Jurisprudentie van de Hoge Raad
5.9
De Hoge Raad heeft enkele arresten gewezen waarin het verband tussen art. 9 Wet BPM en art. 6a Uitv.reg. BPM aan de orde komt. Ik wijs in de eerste plaats op het arrest van 3 april 2020, nr. 18/01389. [21] In de zaak die tot dit arrest heeft geleid was onder meer in geschil of de op een Duits kentekenbewijs vermelde CO2-uitstoot kon worden gebruikt voor de berekening van de verschuldigde bpm. Volgens de belanghebbende in die zaak blijkt uit dat kentekenbewijs niet op welke wijze de daarop vermelde CO2-uitstoot was gemeten, zodat bij betwisting niet kon worden aangenomen dat die meting heeft plaatsgevonden in overeenstemming met art. 9(13) Wet BPM in samenhang met art. 6a Uitv.reg. BPM. [22] De Hoge Raad verwerpt dit betoog en oordeelt dat de vermelding van de CO2-uitstoot op het Duitse kentekenbewijs volstaat voor de aanname dat het gaat om een goedkeuring in de zin van art. 6a(d) Uitv.reg. BPM (vanaf 1 januari 2020: art. 6a(2)d):
“3.6.1 De vaststelling van de CO2-uitstoot van een personenauto moet volgens artikel 9, leden 10 en 11 [CE: thans leden 11 en 13], van de Wet op een bij ministeriële regeling voorgeschreven wijze worden aangetoond. In cassatie staat vast dat voor de bepaling van de omvang van de CO2-uitstoot van de auto artikel 6a, letter d, van de Uitvoeringsregeling bpm van toepassing is. Volgens die bepaling is een goedkeuring vereist waaruit de emissie van CO2 blijkt, gemeten overeenkomstig de voorschriften van de Economische Commissie voor Europa van de Verenigde Naties, dan wel een gelijkwaardig internationaal reglement.
3.6.2
Het Hof heeft, in cassatie onbestreden, vastgesteld dat de daartoe in Duitsland bevoegde instantie (de TÜV) de auto heeft gekeurd en op basis daarvan de CO2-uitstoot van de auto heeft bepaald.
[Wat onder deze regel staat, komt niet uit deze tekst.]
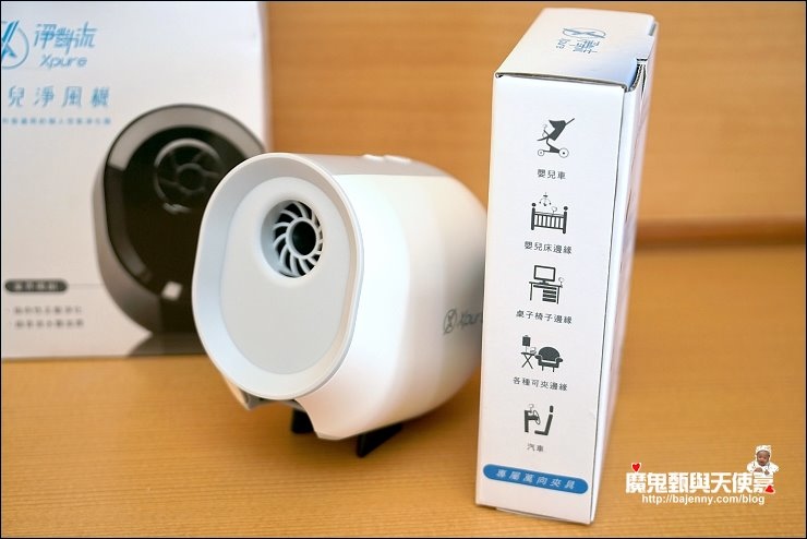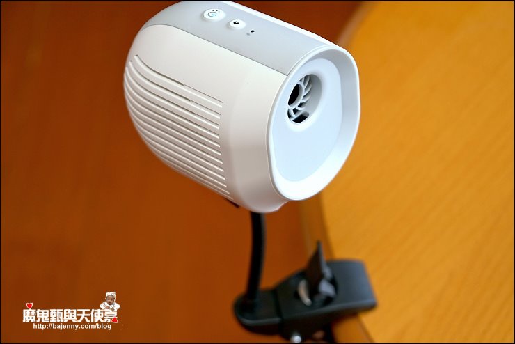 這台當初的設計是給嬰兒用的!唯一適用戶外嬰兒車的空氣清淨機,而且標榜是一台可從小陪你到大的隨身型空氣清淨機!!但其實特殊的傾角底座設計,當不使用夾具時,放在桌上也能剛好對著使用者臉部吹送乾淨微風,不只是小孩,學生或上班族也能使用喔~~

Daarmee volstaat de vermelding van de CO2-uitstoot op het Duitse kentekenbewijs voor de aanname dat het gaat om een goedkeuring als bedoeld in artikel 6a, letter d, van de Uitvoeringsregeling bpm. Anders dan de eerste klacht betoogt, vereist noch artikel 9, [lid 11], noch artikel 9, [lid 13], van de Wet in samenhang gelezen met artikel 6a van de Uitvoeringsregeling bpm dat de inspecteur de bepaalde CO2-uitstoot nader onderbouwt. De eerste klacht faalt daarom ook.”
5.1
Aan het begin van rechtsoverweging 3.6.1 betrekt de Hoge Raad (thans) art. 9(11) en (13) Wet BPM tezamen. Dit impliceert een nauw verband tussen beide bepalingen, in die zin dat art. 6a Uitv.reg. BPM voor beide van belang is. Daarbij lijkt veel gewicht toe te komen aan art. 6a Uitv.reg. BPM: indien vaststaat dat sprake is van één van de bewijsmiddelen als bedoeld in deze bepaling, kan de op dat bewijsmiddel vermelde CO2-uitstoot niet inhoudelijk ter discussie worden gesteld voor de belastingrechter. De redactie van Vakstudie Nieuws vermoedt dat de Hoge Raad met dit oordeel heeft willen vooruitlopen op de wijziging van art. 6a Uitv.reg. BPM per 1 januari 2020: [23]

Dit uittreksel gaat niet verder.